> [Exercise prompt]: Reproduce each entry exactly as it reads. Leave the images out.

[Material for the task Boundary: Start]

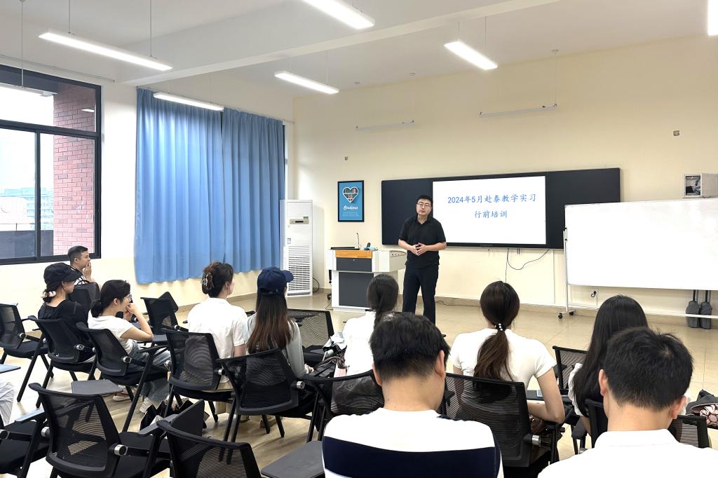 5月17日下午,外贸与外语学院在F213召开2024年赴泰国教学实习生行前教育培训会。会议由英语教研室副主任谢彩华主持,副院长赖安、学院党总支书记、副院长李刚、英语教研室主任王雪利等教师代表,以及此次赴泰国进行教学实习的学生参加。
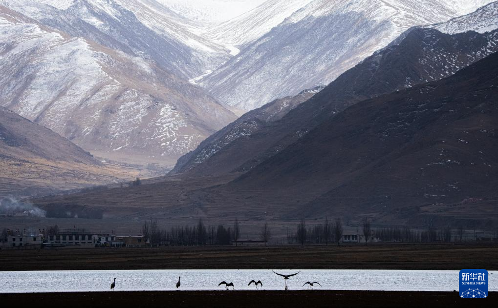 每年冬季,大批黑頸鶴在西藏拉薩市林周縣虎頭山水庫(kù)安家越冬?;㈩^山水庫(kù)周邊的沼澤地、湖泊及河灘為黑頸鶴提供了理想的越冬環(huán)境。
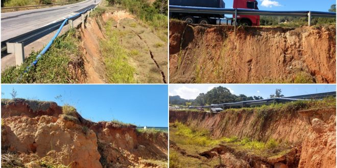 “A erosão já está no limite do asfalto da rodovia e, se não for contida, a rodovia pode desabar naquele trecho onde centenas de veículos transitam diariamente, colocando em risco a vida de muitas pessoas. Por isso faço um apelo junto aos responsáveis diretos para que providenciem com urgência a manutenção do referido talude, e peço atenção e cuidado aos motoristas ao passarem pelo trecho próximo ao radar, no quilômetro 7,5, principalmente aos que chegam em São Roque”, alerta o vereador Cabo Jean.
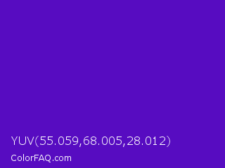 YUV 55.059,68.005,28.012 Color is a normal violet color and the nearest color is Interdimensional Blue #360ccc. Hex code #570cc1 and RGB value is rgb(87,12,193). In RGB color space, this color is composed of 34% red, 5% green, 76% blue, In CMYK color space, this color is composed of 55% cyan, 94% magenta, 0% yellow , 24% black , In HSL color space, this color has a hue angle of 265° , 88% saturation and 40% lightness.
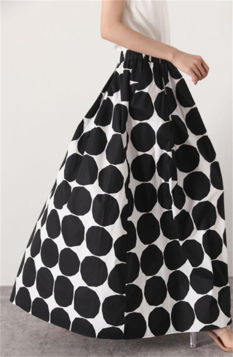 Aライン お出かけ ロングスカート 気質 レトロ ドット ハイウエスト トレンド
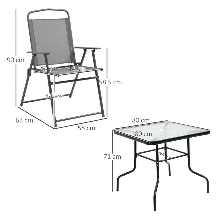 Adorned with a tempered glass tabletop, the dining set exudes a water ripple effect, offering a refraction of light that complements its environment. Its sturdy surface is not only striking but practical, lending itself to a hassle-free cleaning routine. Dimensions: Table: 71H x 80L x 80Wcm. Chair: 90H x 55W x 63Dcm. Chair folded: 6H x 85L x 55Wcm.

[Material for the task Boundary: End]

> [Solution]:
 5月17日下午,外贸与外语学院在F213召开2024年赴泰国教学实习生行前教育培训会。会议由英语教研室副主任谢彩华主持,副院长赖安、学院党总支书记、副院长李刚、英语教研室主任王雪利等教师代表,以及此次赴泰国进行教学实习的学生参加。
 每年冬季,大批黑頸鶴在西藏拉薩市林周縣虎頭山水庫(kù)安家越冬?;㈩^山水庫(kù)周邊的沼澤地、湖泊及河灘為黑頸鶴提供了理想的越冬環(huán)境。
 “A erosão já está no limite do asfalto da rodovia e, se não for contida, a rodovia pode desabar naquele trecho onde centenas de veículos transitam diariamente, colocando em risco a vida de muitas pessoas. Por isso faço um apelo junto aos responsáveis diretos para que providenciem com urgência a manutenção do referido talude, e peço atenção e cuidado aos motoristas ao passarem pelo trecho próximo ao radar, no quilômetro 7,5, principalmente aos que chegam em São Roque”, alerta o vereador Cabo Jean.
 YUV 55.059,68.005,28.012 Color is a normal violet color and the nearest color is Interdimensional Blue #360ccc. Hex code #570cc1 and RGB value is rgb(87,12,193). In RGB color space, this color is composed of 34% red, 5% green, 76% blue, In CMYK color space, this color is composed of 55% cyan, 94% magenta, 0% yellow , 24% black , In HSL color space, this color has a hue angle of 265° , 88% saturation and 40% lightness.
 Aライン お出かけ ロングスカート 気質 レトロ ドット ハイウエスト トレンド
 Adorned with a tempered glass tabletop, the dining set exudes a water ripple effect, offering a refraction of light that complements its environment. Its sturdy surface is not only striking but practical, lending itself to a hassle-free cleaning routine. Dimensions: Table: 71H x 80L x 80Wcm. Chair: 90H x 55W x 63Dcm. Chair folded: 6H x 85L x 55Wcm.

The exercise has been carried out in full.